I discovered this in January, shortly after I got here, when during one of my long walks I crossed the Puente Racamalac (also called the Puente Condell), a rainbow-shaped footbridge in the Parque Balmaceda. I was reminded of it again on Valentine’s Day, when near the end of another long walk I crossed the bridge while two TV news crews were shooting some footage, presumably for a timely feature on the love locks, which I presumably wrecked by being a stout, sweaty, middle-aged American.
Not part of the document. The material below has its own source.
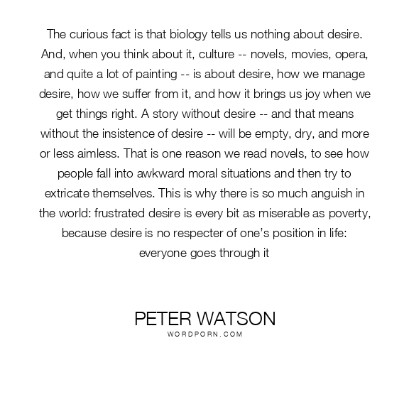 The curious fact is that biology tells us nothing about desire. And, when you think about it, culture -- novels, movies, opera, and quite a lot of painting -- is about desire, how we manage desire, how we suffer from it, and how it brings us joy when we get things right. A story without desire -- and that means without the insistence of desire -- will be empty, dry, and more or less aimless. That is one reason we read novels, to see how people fall into awkward moral situations and then try to extricate themselves. This is why there is so much anguish in the world: frustrated desire is every bit as miserable as poverty, because desire is no respecter of one’s position in life: everyone goes through it

What’s most interesting to me, as a social historian, is that this custom is not an ancient one, but rather very new. In fact, it seems to have arrived in Chile only in 2012, following the release of the hit, Spanish romantic drama, Tengo ganas a ti. In that movie, the main male character pledges his love to the main female character with a lock on a bridge, in this case the Pont d’en Gómez in Girona, Catalonia. Here’s the scene:
https://www.youtube.com/watch?v=Zv-7gSQHNLI
The 2012 Spanish movie Tengo ganas de ti (In English, I Want You) is based on a hit Italian movie from 2007, Ho voglia di te, which in turn was based on a 2006, best-selling romance novel of the same name by the Italian screenwriter and novelist, Frederico Moccia.
For a social historian, or a cultural anthropologist, what makes the spread of this custom so interesting and amusing is that Moccia invented the whole ritual of love locks and thrown keys from scratch when he wrote his romance.
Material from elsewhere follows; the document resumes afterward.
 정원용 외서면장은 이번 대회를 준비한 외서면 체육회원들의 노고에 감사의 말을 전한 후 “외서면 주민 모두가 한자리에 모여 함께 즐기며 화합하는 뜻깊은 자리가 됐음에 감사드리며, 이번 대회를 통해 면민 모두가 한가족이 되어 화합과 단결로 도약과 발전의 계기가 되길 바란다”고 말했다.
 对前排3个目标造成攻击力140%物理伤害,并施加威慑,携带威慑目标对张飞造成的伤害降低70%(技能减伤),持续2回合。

Moccia, 44, says he just dreamed up the ritual. “I liked the idea of tying locks to love because it is more solid, tangible,” he said. The book sold 1.1 million copies, the movie version came out – and soon life began imitating art.
The original lock scene of the book and the Italian movie was the famous Ponte Milvio over the Tiber River, built in 115BC, and site of the battle that made Constantine the first Christian emperor in 312AD.
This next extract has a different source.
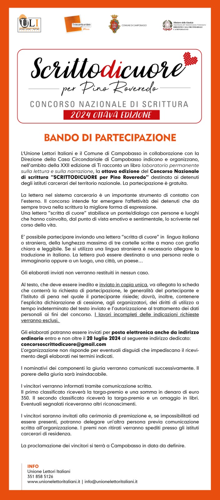 Il concorso, destinato ai detenuti degli Istituti carcerari di tutto il territorio nazionale, è realizzato con la direzione artistica di Brunella Santoli, la collaborazione della Direzione della Casa Circondariale di Campobasso e il patrocinio della Provincia di Campobasso nell’ambito di Ti racconto un libro laboratorio permanente sulla lettura e sulla narrazione 2024.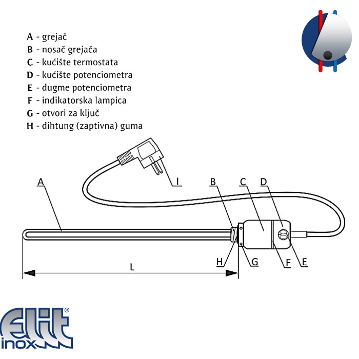 - Konstrukcija: štapni grejač sa mehaničkim/spiralnim priključkom, sa elektronskim termostatom (regulacija 10-65 °C) i signalisanjem lampicom.

As testament to how fast things spread in the modern world, within a few months of the Italian movie appearing, the city authorities in Rome had to start cutting locks off the bridge, lest the weight of them collapse the ancient structure. A similar dynamic has played out across Europe. In Paris, a footbridge over the Seine near the Louvre, the Pont des Artes, was also recently in danger of collapsing from the weight of Moccia’s love locks. The Parisian authorities responded with bolt cutters and social media. The lovers of Paris responded by moving to the Pont de l’Archevêché near Notre Dame.
I suspect that within the next year or so, two things will happen. First, the City of Santiago will begin to worry about weight of the accumulating candados de amor and take measures to prevent the collapse of the Puente Racamalac. And, second, the custom of love locks will begin to appear in the United States and Canada.
Curiously, Moccia’s novel has not yet been translated into English, despite doing very well in French, Spanish, Portuguese, German, Russian and Chinese. However, as we’ve seen with the spread of roadside memorials, something introduced to American roads via Mexican immigrants, sentimental customs have a way of getting to the USA and spreading rapidly.
So, look for love locks on an American bridge near you, coming soon.
“within a few months of the Italian movie appearing, the city authorities in Rome had to start cutting locks off the bridge”
I wonder how many relationships they prematurely ended by doing that?
The City of Paris continues to fight a losing battle against the love lock. It’s only a matter of time before a bridge collapses, or around-the-clock guards are posted to stop this.